What is required:
Begin the copy at the line containing "en el colegio." in the data below and end it at the line containing "Corsica Classic 2023 Ajaccio – Propriano", keeping each line exact and leaving out pictures.
--- Information supplied Enclosed Below ---
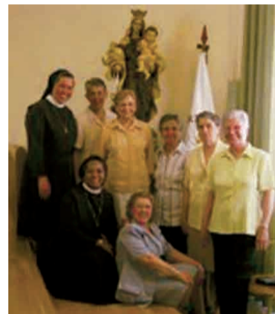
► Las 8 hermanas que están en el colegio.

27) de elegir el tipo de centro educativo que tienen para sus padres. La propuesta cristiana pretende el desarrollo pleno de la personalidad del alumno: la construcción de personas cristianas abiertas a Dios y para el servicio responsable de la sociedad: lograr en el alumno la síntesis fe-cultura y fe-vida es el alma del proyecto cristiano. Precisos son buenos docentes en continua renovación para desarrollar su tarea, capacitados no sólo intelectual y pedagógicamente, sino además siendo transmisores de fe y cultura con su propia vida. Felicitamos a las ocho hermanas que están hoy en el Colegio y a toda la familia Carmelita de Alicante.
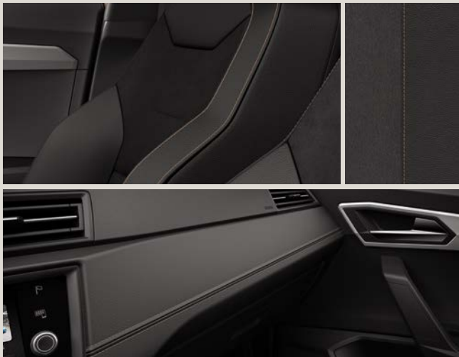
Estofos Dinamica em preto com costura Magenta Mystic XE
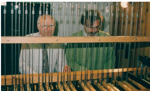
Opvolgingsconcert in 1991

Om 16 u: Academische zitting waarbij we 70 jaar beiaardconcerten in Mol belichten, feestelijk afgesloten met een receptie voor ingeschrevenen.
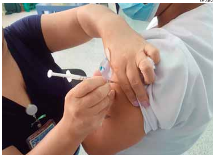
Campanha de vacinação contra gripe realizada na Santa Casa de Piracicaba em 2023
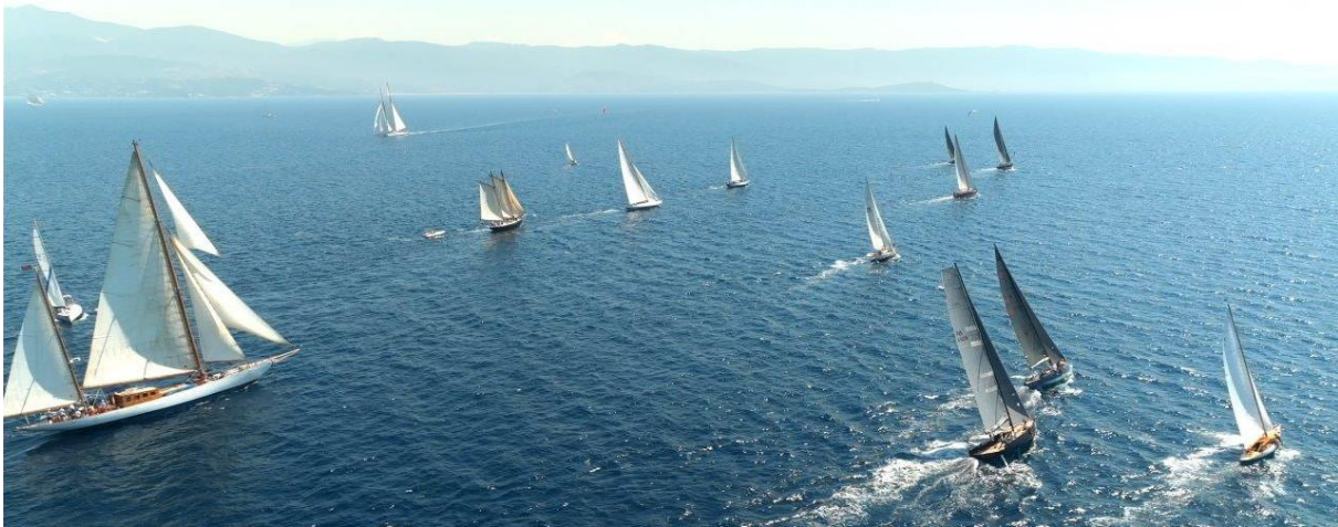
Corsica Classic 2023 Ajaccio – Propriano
--- End of Enclosed Information supplied ---
--- Information supplied Enclosed Below ---
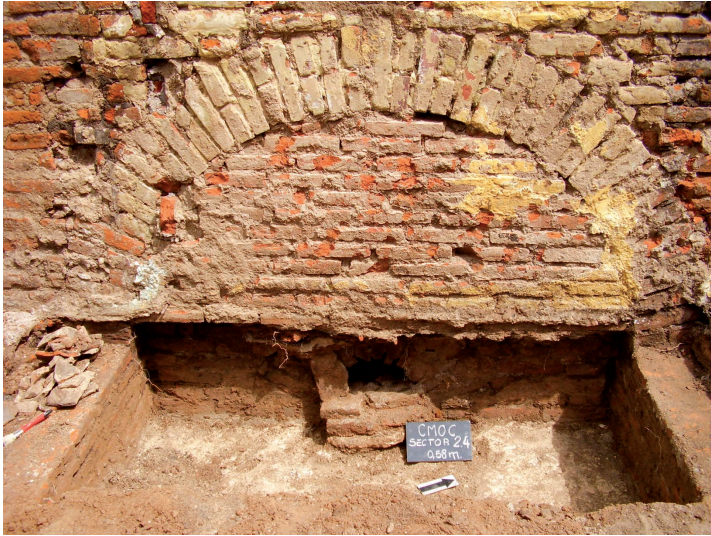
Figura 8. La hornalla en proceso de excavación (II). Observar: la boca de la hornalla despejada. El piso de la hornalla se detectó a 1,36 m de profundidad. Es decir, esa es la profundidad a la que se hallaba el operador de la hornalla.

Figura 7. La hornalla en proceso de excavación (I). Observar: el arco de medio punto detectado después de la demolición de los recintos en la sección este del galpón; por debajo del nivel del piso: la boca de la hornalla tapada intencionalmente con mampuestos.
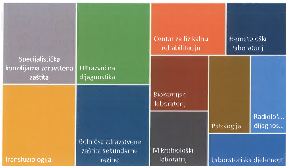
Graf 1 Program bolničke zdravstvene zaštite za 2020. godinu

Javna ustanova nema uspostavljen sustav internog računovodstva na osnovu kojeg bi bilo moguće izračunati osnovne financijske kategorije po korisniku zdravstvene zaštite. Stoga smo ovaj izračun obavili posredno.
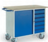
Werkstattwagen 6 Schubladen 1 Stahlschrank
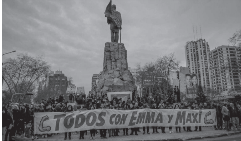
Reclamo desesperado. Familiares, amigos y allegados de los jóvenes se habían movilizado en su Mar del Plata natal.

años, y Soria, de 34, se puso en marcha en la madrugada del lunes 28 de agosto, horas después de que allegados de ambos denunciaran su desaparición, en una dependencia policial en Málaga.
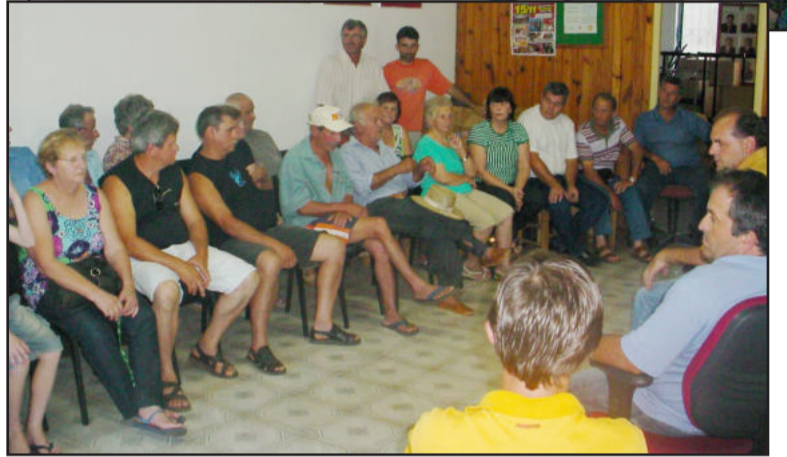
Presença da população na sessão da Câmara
--- End of Enclosed Information supplied ---
--- Information supplied Enclosed Below ---
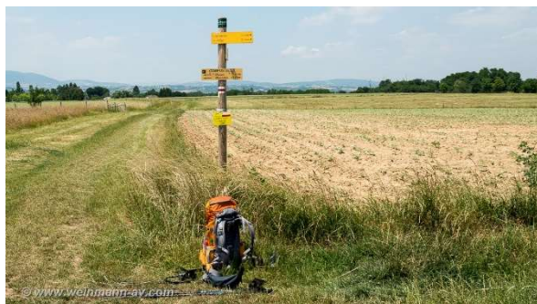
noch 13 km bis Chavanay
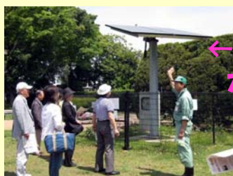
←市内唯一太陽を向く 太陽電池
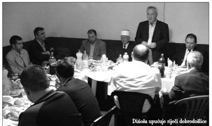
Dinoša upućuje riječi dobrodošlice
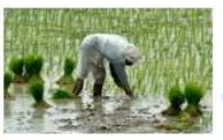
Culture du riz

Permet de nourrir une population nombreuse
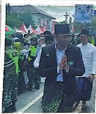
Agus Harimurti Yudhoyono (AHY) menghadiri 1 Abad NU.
--- End of Enclosed Information supplied ---
Solved exercise:
► Las 8 hermanas que están en el colegio.

27) de elegir el tipo de centro educativo que tienen para sus padres. La propuesta cristiana pretende el desarrollo pleno de la personalidad del alumno: la construcción de personas cristianas abiertas a Dios y para el servicio responsable de la sociedad: lograr en el alumno la síntesis fe-cultura y fe-vida es el alma del proyecto cristiano. Precisos son buenos docentes en continua renovación para desarrollar su tarea, capacitados no sólo intelectual y pedagógicamente, sino además siendo transmisores de fe y cultura con su propia vida. Felicitamos a las ocho hermanas que están hoy en el Colegio y a toda la familia Carmelita de Alicante.
Estofos Dinamica em preto com costura Magenta Mystic XE
Opvolgingsconcert in 1991

Om 16 u: Academische zitting waarbij we 70 jaar beiaardconcerten in Mol belichten, feestelijk afgesloten met een receptie voor ingeschrevenen.
Campanha de vacinação contra gripe realizada na Santa Casa de Piracicaba em 2023
Corsica Classic 2023 Ajaccio – Propriano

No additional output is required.